Eran las once cuarenta en el reloj azul de la pared del sentenciado, había acordado consigo que a las doce partiría de ese mundo. Los recortes de su atroz paso por el mundo, los guardaba en un baúl que no pudo tirar. Le gustaba el mezcal, así que tomó la botella a medio vaciar de la alacena y se echó un trago grande, luego pensó en dejar la puerta principal sin llave, se levantó, movió el cerrojo y besó la fotografía de su madre, en poco tiempo la vería, esos años de espera estaban por terminar. Faltando unos minutos para medianoche, se paró sobre la silla y se colocó la soga, en cuanto sintió las fibras abrazarle el cuello, las lágrimas brotaron, pero sin ningún otro gesto, caían como una cascada miniatura, el reloj tocó su punto más alto y Vicente empujó la silla retorciéndose unos minutos, hasta que por fin la quietud le llegó al cuerpo.

En casa de Juan, ya era de noche, pasó el día meditando su novela. Nuevamente Laura recorría sus pensamientos, como tantas veces la había visto por la casa, paseando en círculos hasta enloquecerlo, ¿sería que esa novela sí le gustara? Eso nunca lo sabría, ya estaba demasiado fría para que las palabras le dieran calor. Se sentía vacío, cansado y sin ganas de hacer nada, así que fue por una botella y se sentó con las piernas sobre el mueble de la sala, daba tragos grandes, como queriendo borrar la culpa que sentía por la muerte de Vicente. Eran muchos años los que había pasado a su lado, de hecho era su amigo más antiguo.

Se terminó la botella y entumecido por el alcohol comenzó a dormir, de pronto tocaron a la puerta, le pareció muy extraño, pues pasaba ya de media noche, caminó un poco tambaleante hacia la entrada y abrió la puerta sin preguntar quién era.

La borrachera se le bajó en dos segundos. Frente a él se encontraba un tipo grande, de ojos color ladrillo y con una cicatriz en la mitad de la cara, era Vicente, estaban mudos, así permanecieron por poco más de un cuarto de hora, solamente observándose uno al otro, parecía que estaba frente al espejo pero no era así, pues aquel tipo transpiraba vida. Juan, después de repasar muchos pensamientos y regresar una y otra vez a la realidad, le dijo: —Perdóname por matarte, era necesario—. Vicente, asintió y colocó una de sus manos sobre el hombro del pálido escritor —te entiendo, vamos a sentarnos que yo también estoy confundido—. Se acomodaron en la sala, Juan, le destapó una cerveza y abrió otra para él.
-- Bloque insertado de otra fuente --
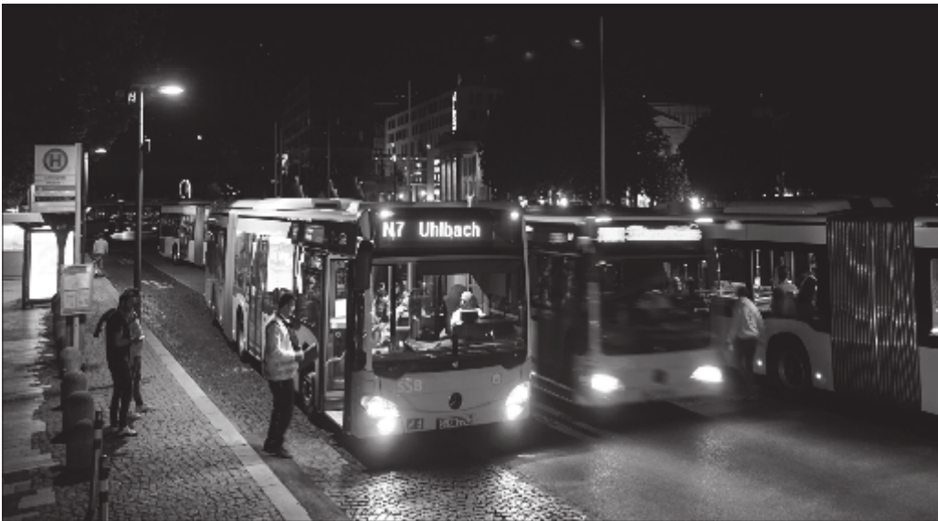
Die Nachtbusse fahren auch tief in der Nacht noch vom Schlossplatz aus los.

Die Stuttgarter Straßenbahnen AG wünschen Ihnen einen guten Start ins Jahr 2024. Damit er auch wirklich gelingt, steht Ihr Mobilitätsdienstleister zum Jahreswechsel wieder parat und bringt Sie zur Feier, zur Familie, zu Freunden und auch mitten in der Nacht wieder zurück.
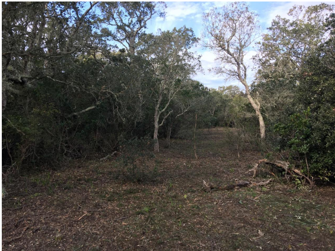
Milieus ouverts (prairies) et fermés (maquis dense)
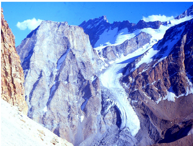
Рис. 22. Ледники на склоне пика Маяковского. Шахдаринский хребет. Юго-Западный Памир
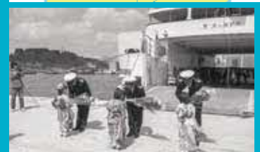
蟹田港で行われたむつ湾フェリーの発船式。背後の山は野東山 (1980 (昭和55) 年4月10日、青森県史編さん資料)
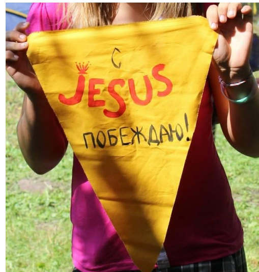
Рисунок – Примеры вымпелов
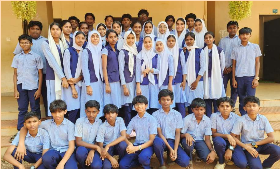
LK 2023-26 BATCH
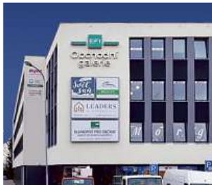
Obchodní galerie, Jihlava
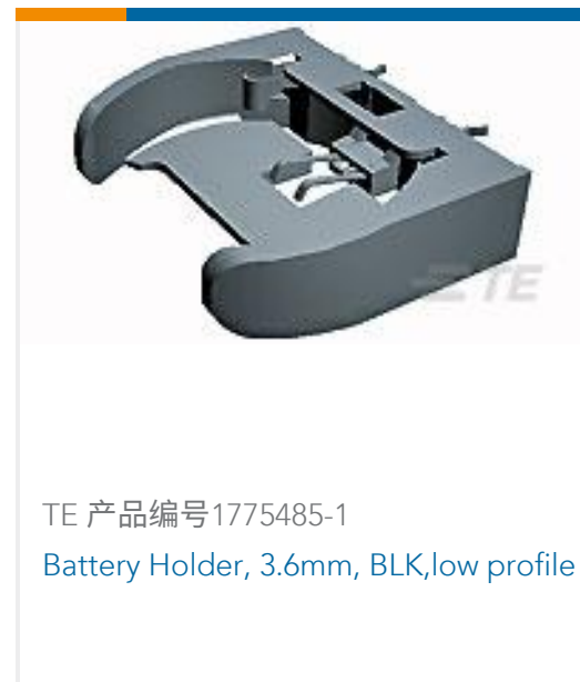
TE 产品编号1775485-1 Battery Holder, 3.6mm, BLK,low profile
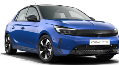
Voltaik kék (metálfényezés)
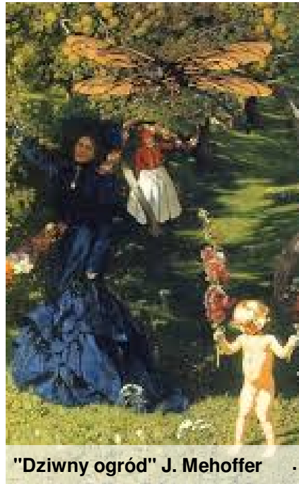
"Dziwny ogród" J. Mehoffer

Życiowa rozsypanka "Dziwny ogród" to dzieło budzące wiele kontrowersji. Za każdym razem, kiedy na nie patrzę
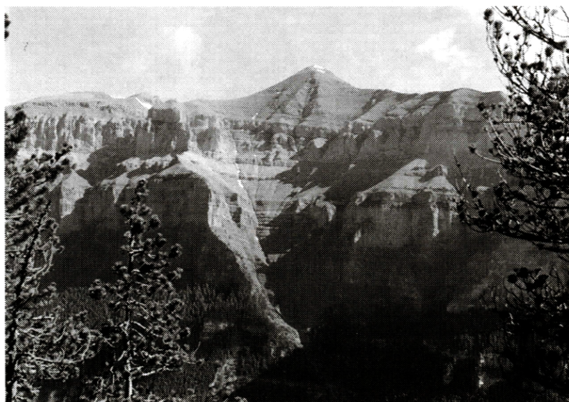
Národný park Ordesa a Monte Perdido (v severovýchodnom Španielsku)
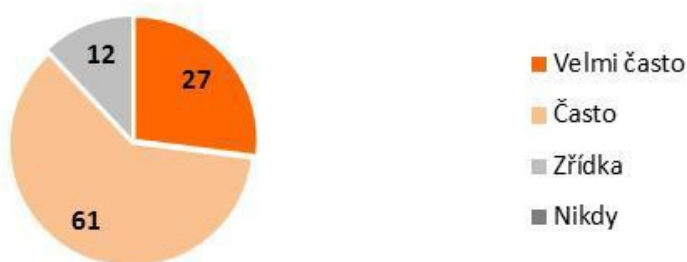
Jak často přihlížíte ve struktuře výuky k aktuálním událostem? (Údaje v %)
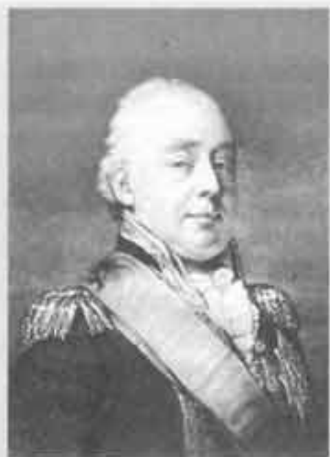
Контр-адмирал Дж. Сумарец, командовавший английской эскадрой, направленной в 1808 году в Балтийское море для совместных действий со шведским флотом против русского

действовал и как военный моряк, и как дипломат, отстаивавший честь флага и отечества. Команды смогли вернуться на родину осенью 1809 года. Что же касалось кораблей, то большинство из них так и осталось в Англии, где некоторые просто сгнили, а остальные продали с торгов. Спустя пять лет, в 1813 году, Россию вернулось лишь два корабля: 74-пушечный «Сильный» и 66-пушечный «Мощный».
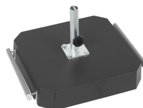
stalowa nakładka na podstawę jako dodatkowa opcja

Więcej podstaw na naszej stronie www.litex.pl
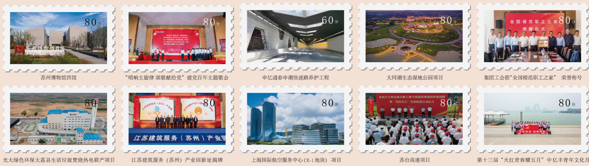
苏州博物馆西馆 80分 “唱响主旋律 颂歌献给党” 建党百年主题歌会 80分 申亿通春申湖快速路养护工程 60分 大湖生态湿地公园项目 80分 集团工会获“全国模范职工之家” 荣誉称号 80分 光大绿色环保大荔县生活垃圾焚烧热电联产项目 80分 江苏建筑服务(苏州)产业园新址揭牌 80分 上海国际航空服务中心(X-1地块)项目 80分 苏台高速项目 80分 第十三届“火红青春耀五月”中亿丰青年文化月 80分
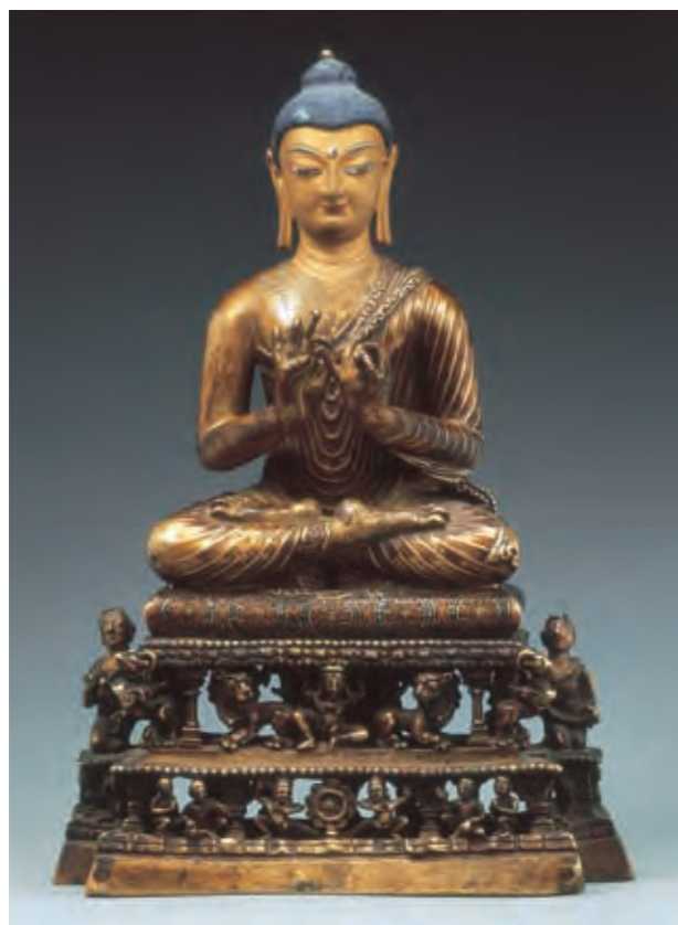
圖二 釋迦牟尼佛像 克什米爾 八世紀 銅鑄金 局部泥金彩繪 拉薩布達拉宮管理處藏
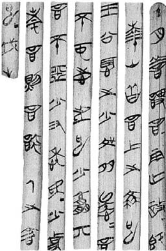
الكتابة الصينية القديمة على شرائح سيقان نبات البامبو

كاتبه سون تزو (أو السيد/الحكيم/القائد سون) هو القائد الأعلى لجيش مملكة وو، وهو وضع كتابه هذا بناء على طلب من الملك، وخصه لصفوة القادة العسكريين في زمنه، على أن نصائحه ومبادئه استوعبها الجميع وحتى يومنا هذا، بداية من محاربي الساموراي اليابانيين الأشداء، ومروراً برائد نهضة الصين ماو زدونغ، وانتهاء برجال الأعمال المتمرسين في وقتنا الحاضر.

Miraba su cuello marcado por la soga, amoratado, pero fuera de eso no encontraba ningún otro signo de muerte, lo que estaba frente él era una persona en todo su esplendor, respirando, con las mejillas resplandecientes y rosadas. No era sencillo conversar, los dos tenían más palabras en la cabeza que en los labios. Pasada una hora aproximadamente, se relajaron y volvieron a ser amigos como siempre, buscaban una explicación en conjunto.

A las seis de la mañana, el sueño los había invadido, por más extraordinaria que fuera su situación, el cuerpo necesitaba reposo, así que Juan le entregó una almohada y se fue a su cuarto.

Vicente no pudo dormir, no sabía qué hacer con él, pensaba en su futuro, ahora nuevamente las cargas de la vida le acompañaban.

Caminó por el departamento y empezó a mirar las fotografías, los cuadros, la pequeña colección de alebrijes junto a los libros.

Justo ahí un escalofrío le atravesó el cuerpo, concentrándose en las marcas de la soga. ¿Y si todos aquellos también estaban atrapados? Se mareó y regresó al sillón. Lo pensó una y otra vez, concluyendo que no, que lo que le había pasado era un milagro.

Luego, mirando los otros libros bajo la lámpara, encontró un baúl, dentro de él un álbum, al empezar a hojearlo una verdad se le presentó en forma de recortes de periódico. Los titulares decían: “Desaparece maestra de preescolar”, “ Encuentran muerta junto a las lanchas del puerto a joven maestra”, “Compañeros consternados, piden justicia”, “Más de un año sin culpable por la muerte de la maestra Laura López”. Seguido de ello, fotografías del cuerpo desnudo de la chica, de las cuerdas en sus muñecas, y la carta de despedida que iba dirigida a Juan.

Se le incendió la cabeza, le palpitaba con recuerdos, historias a pedazos. Caminó hacía la cocina sin titubeos, tomó un cuchillo grande, entró al cuarto de Juan y lo apuñaló hasta dejar de sentir ardor en el cuello.

Finalmente, regresó a la sala con una soga y colocó la silla.